Nothing but the lines from the one containing "제가 직접 알아본 바로는" to the end of the records that follow should be transcribed, each exactly, with the pictures left out.

- **Data supplied**
------------------------------
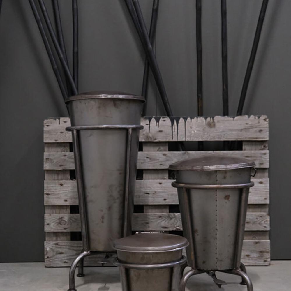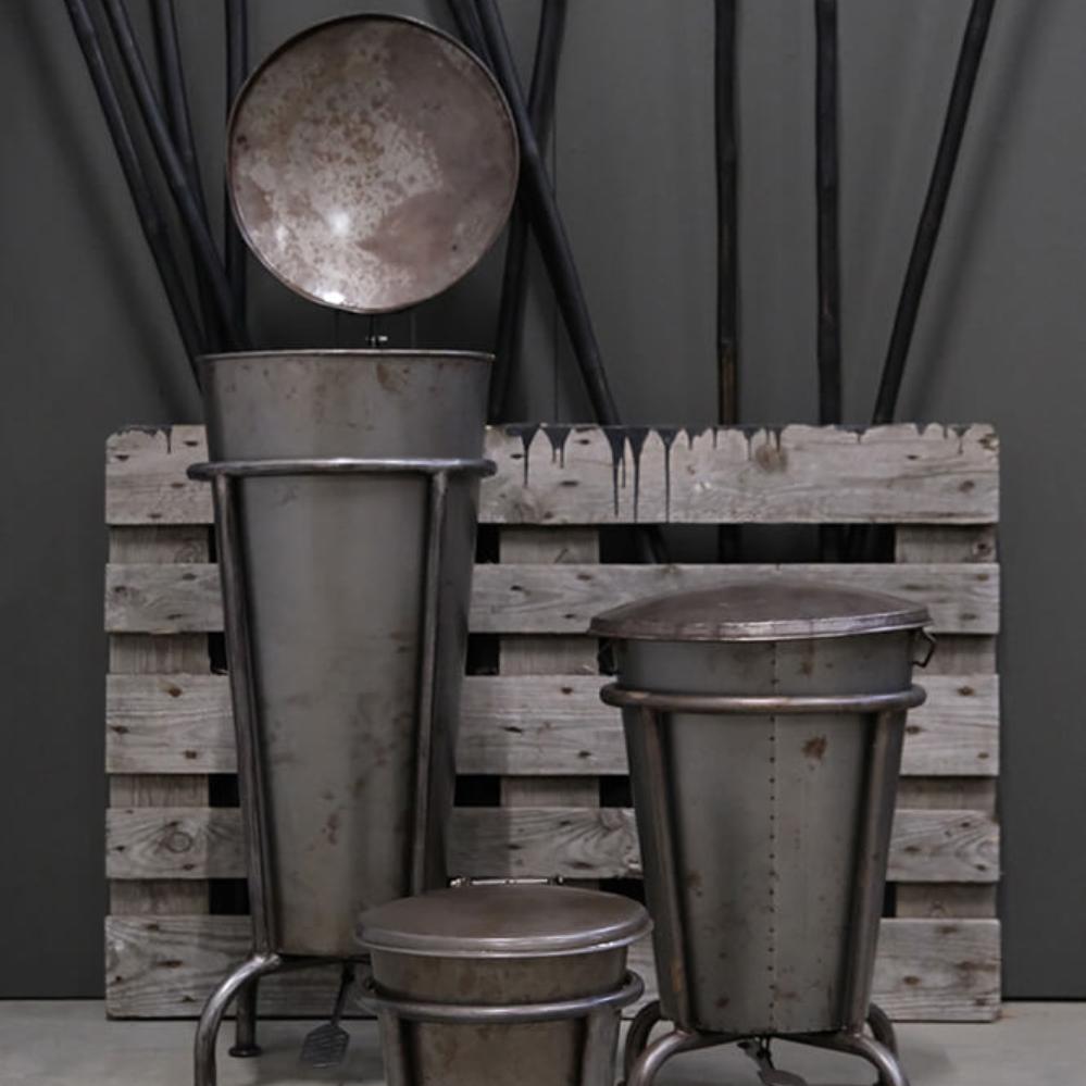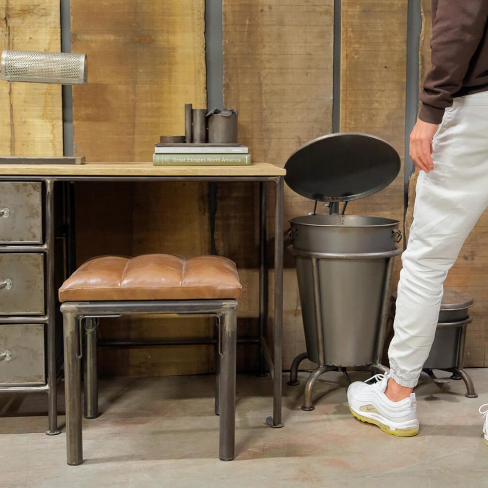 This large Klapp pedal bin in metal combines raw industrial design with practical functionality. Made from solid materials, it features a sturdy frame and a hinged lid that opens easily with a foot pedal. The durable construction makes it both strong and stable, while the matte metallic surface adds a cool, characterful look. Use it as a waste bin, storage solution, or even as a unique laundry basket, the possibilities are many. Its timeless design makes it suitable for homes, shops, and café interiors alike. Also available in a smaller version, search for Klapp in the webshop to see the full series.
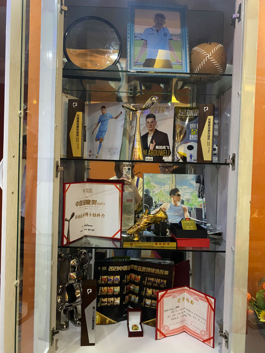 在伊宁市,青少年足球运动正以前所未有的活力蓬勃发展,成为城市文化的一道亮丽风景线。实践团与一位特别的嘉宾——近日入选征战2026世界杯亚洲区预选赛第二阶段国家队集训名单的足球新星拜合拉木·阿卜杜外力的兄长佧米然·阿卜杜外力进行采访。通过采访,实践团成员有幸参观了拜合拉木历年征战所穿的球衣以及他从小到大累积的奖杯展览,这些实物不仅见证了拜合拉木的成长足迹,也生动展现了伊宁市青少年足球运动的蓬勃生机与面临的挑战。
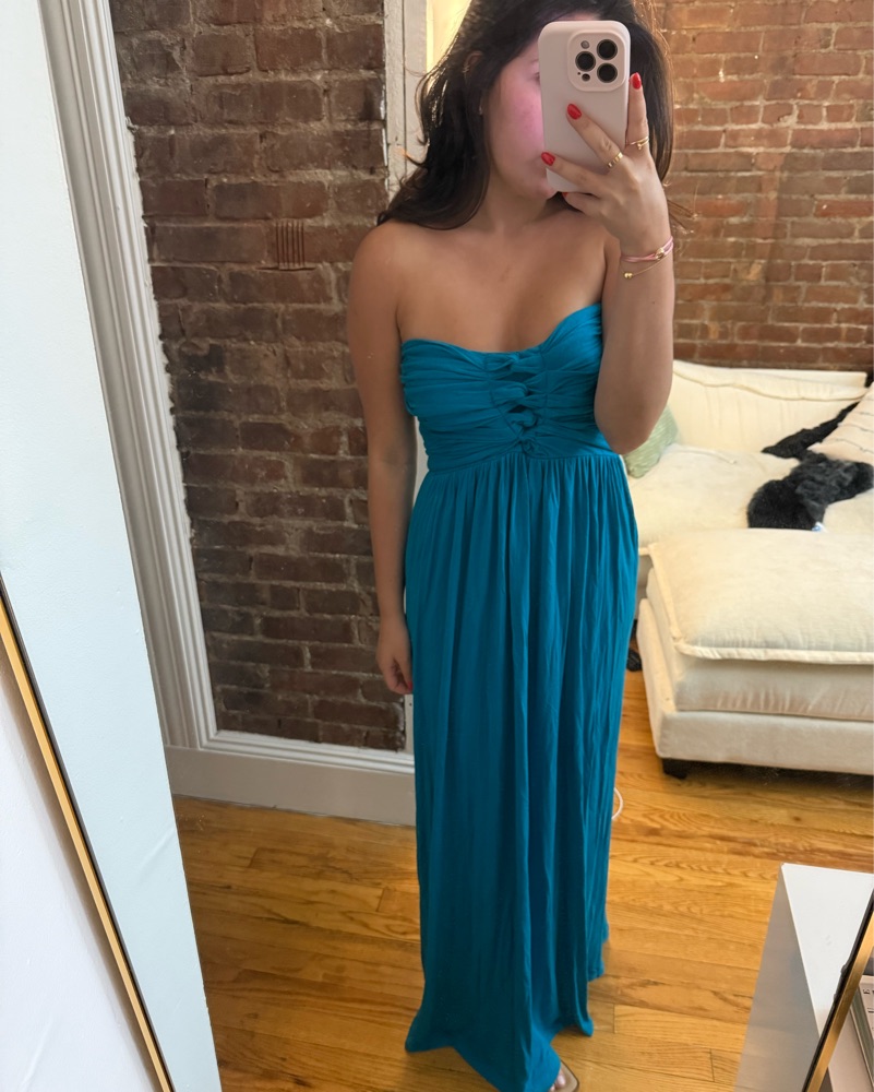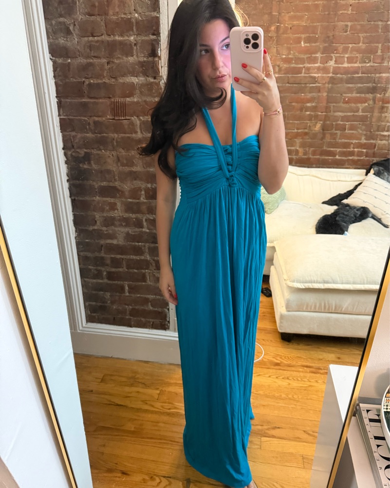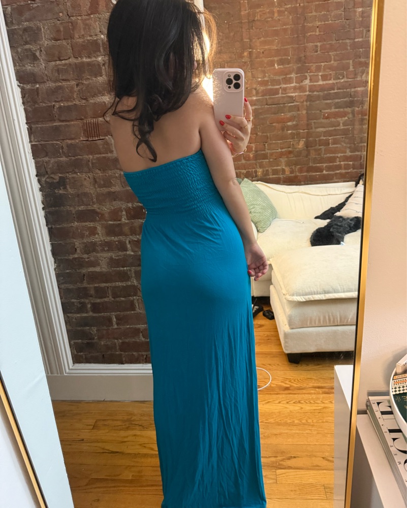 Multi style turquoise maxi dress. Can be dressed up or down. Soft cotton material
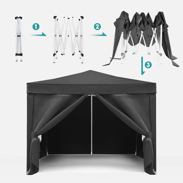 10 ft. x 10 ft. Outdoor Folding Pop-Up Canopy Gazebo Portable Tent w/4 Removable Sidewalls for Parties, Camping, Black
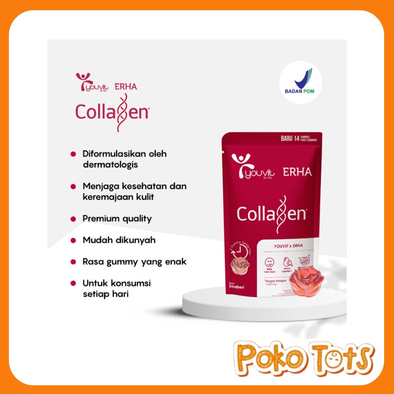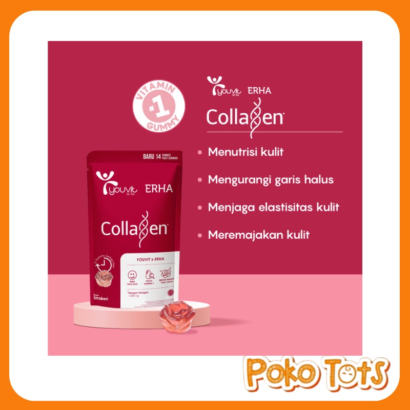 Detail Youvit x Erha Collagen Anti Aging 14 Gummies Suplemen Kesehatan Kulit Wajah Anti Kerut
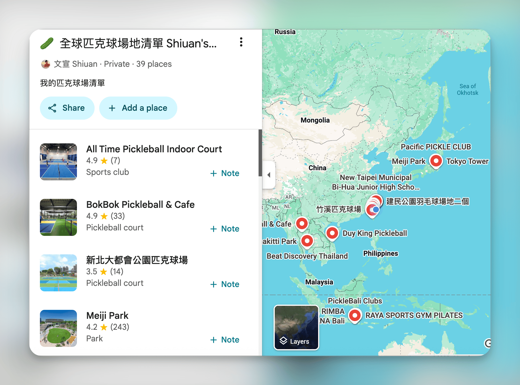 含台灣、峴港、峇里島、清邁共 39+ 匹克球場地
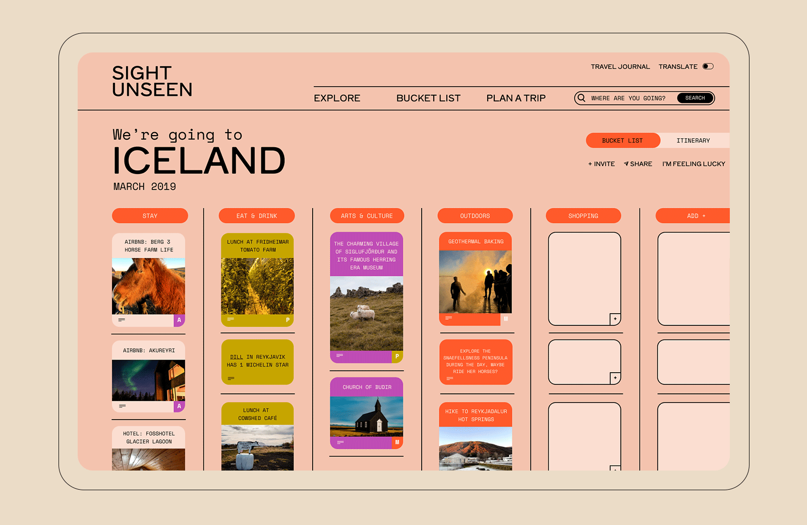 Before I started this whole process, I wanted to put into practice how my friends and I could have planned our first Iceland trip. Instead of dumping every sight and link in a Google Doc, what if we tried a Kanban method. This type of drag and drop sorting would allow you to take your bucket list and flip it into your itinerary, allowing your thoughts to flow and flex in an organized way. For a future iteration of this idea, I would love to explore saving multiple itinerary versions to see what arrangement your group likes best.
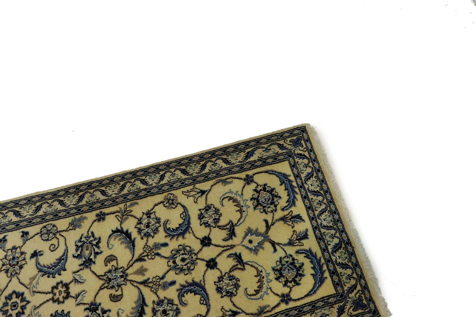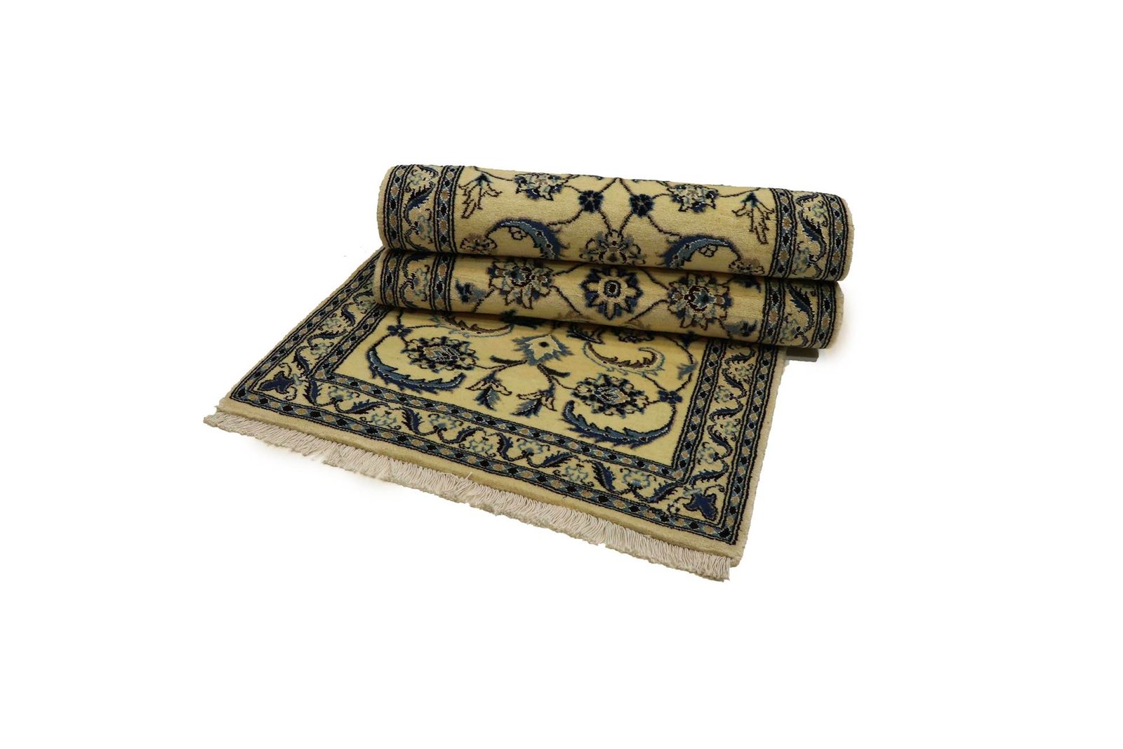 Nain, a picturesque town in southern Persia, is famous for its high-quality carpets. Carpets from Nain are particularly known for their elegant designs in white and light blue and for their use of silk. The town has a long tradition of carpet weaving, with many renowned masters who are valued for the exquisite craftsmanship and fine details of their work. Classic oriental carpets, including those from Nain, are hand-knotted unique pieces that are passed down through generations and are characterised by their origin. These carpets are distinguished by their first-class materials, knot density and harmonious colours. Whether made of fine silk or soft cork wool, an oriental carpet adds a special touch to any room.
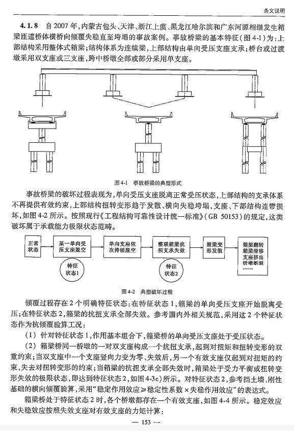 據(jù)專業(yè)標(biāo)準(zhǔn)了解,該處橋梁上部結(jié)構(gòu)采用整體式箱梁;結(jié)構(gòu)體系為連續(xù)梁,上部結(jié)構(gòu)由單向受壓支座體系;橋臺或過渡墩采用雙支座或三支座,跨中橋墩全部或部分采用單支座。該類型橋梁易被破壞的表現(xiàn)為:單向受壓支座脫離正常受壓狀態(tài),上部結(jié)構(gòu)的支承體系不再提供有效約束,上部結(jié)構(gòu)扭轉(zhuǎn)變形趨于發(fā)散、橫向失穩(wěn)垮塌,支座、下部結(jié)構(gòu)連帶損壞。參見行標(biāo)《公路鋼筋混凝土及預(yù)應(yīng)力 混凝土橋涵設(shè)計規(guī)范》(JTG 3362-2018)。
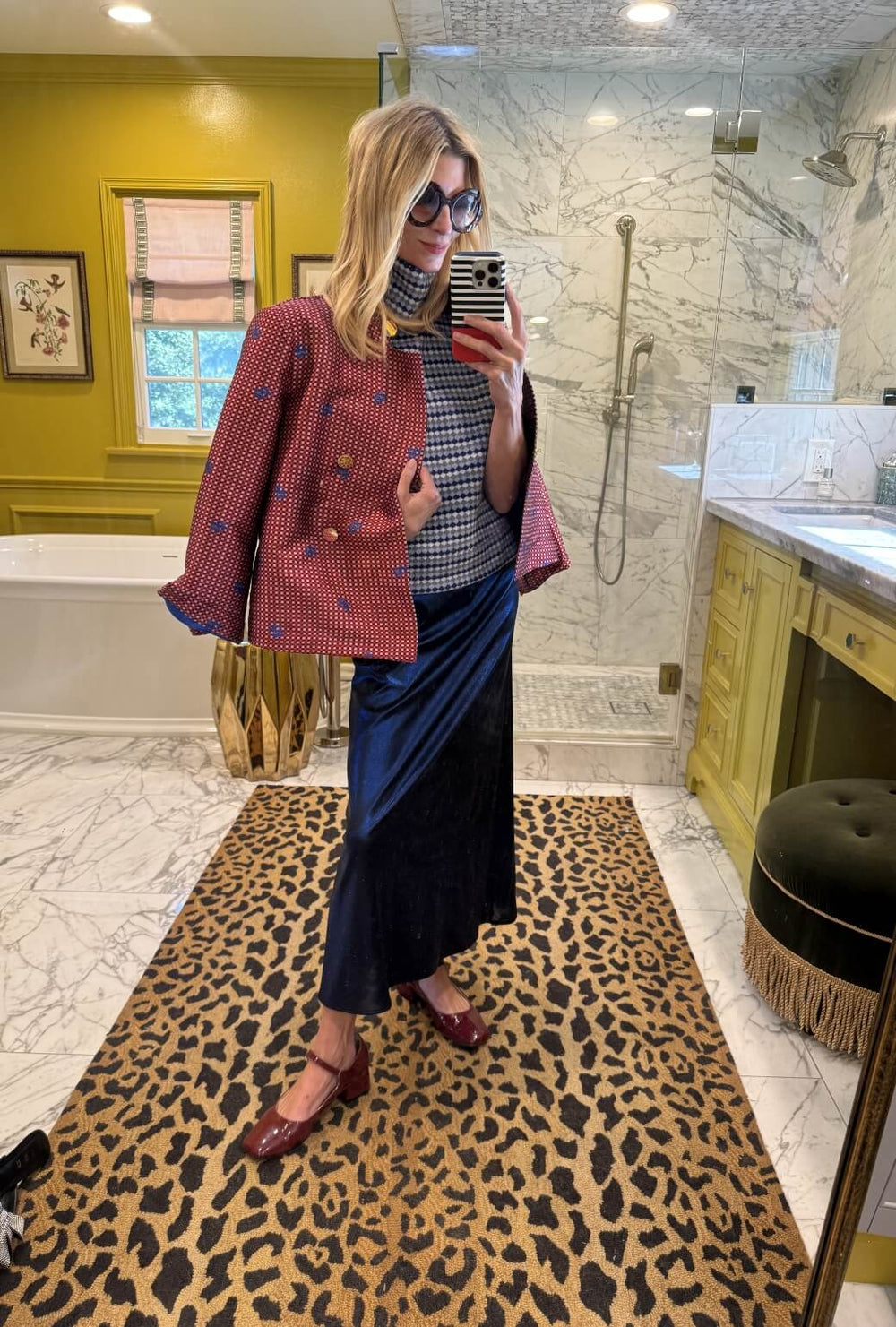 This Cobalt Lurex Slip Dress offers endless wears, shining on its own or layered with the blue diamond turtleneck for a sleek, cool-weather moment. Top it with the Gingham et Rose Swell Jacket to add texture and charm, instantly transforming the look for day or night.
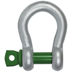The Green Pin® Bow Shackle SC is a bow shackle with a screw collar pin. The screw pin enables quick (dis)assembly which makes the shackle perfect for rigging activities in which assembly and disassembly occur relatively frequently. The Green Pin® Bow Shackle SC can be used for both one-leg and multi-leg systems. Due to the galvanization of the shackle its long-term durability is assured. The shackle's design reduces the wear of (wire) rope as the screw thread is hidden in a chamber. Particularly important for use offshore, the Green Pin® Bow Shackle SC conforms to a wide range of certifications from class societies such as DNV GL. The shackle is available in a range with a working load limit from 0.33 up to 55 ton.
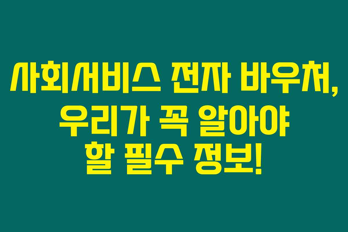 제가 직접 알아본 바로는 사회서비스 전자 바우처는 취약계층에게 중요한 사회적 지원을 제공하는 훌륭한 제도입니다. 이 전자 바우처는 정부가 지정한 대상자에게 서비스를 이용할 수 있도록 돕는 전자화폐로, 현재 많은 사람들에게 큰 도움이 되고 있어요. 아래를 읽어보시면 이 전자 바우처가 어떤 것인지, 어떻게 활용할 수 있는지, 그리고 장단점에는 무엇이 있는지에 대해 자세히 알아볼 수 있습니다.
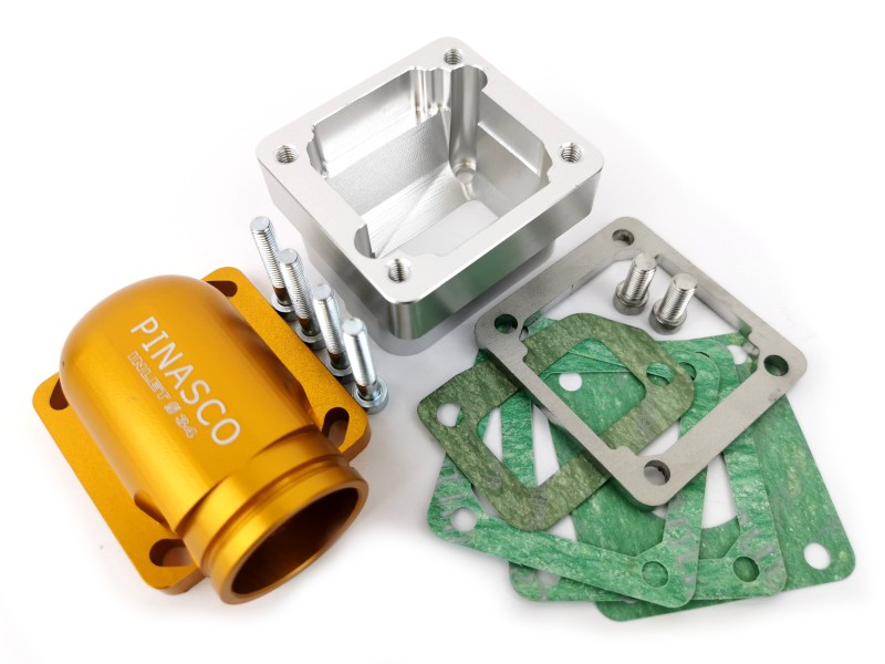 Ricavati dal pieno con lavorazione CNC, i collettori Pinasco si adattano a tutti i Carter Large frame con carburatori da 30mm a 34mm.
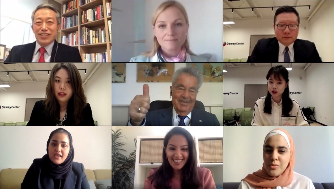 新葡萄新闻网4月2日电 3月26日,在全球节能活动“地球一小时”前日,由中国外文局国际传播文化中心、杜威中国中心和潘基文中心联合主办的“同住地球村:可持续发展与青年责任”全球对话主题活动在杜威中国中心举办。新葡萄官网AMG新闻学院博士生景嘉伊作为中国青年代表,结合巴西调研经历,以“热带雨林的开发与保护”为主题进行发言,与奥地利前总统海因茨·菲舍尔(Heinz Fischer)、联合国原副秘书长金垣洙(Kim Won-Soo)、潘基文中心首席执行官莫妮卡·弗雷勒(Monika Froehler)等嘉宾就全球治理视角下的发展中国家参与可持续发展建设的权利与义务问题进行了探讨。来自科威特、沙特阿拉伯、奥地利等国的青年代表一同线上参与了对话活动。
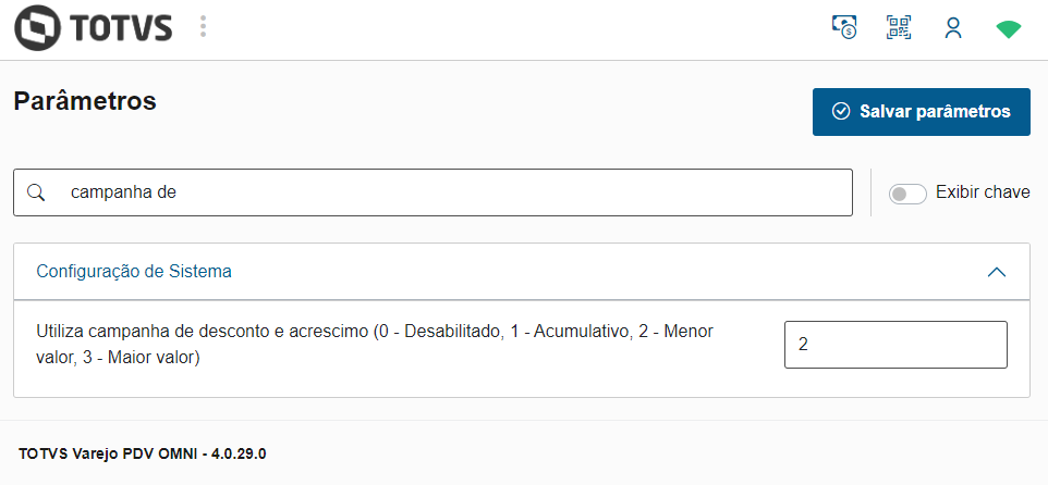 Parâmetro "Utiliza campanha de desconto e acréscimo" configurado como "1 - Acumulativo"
------------------------------
- **Answer space**
 제가 직접 알아본 바로는 사회서비스 전자 바우처는 취약계층에게 중요한 사회적 지원을 제공하는 훌륭한 제도입니다. 이 전자 바우처는 정부가 지정한 대상자에게 서비스를 이용할 수 있도록 돕는 전자화폐로, 현재 많은 사람들에게 큰 도움이 되고 있어요. 아래를 읽어보시면 이 전자 바우처가 어떤 것인지, 어떻게 활용할 수 있는지, 그리고 장단점에는 무엇이 있는지에 대해 자세히 알아볼 수 있습니다.
 Ricavati dal pieno con lavorazione CNC, i collettori Pinasco si adattano a tutti i Carter Large frame con carburatori da 30mm a 34mm.
 新葡萄新闻网4月2日电 3月26日,在全球节能活动“地球一小时”前日,由中国外文局国际传播文化中心、杜威中国中心和潘基文中心联合主办的“同住地球村:可持续发展与青年责任”全球对话主题活动在杜威中国中心举办。新葡萄官网AMG新闻学院博士生景嘉伊作为中国青年代表,结合巴西调研经历,以“热带雨林的开发与保护”为主题进行发言,与奥地利前总统海因茨·菲舍尔(Heinz Fischer)、联合国原副秘书长金垣洙(Kim Won-Soo)、潘基文中心首席执行官莫妮卡·弗雷勒(Monika Froehler)等嘉宾就全球治理视角下的发展中国家参与可持续发展建设的权利与义务问题进行了探讨。来自科威特、沙特阿拉伯、奥地利等国的青年代表一同线上参与了对话活动。
 Parâmetro "Utiliza campanha de desconto e acréscimo" configurado como "1 - Acumulativo"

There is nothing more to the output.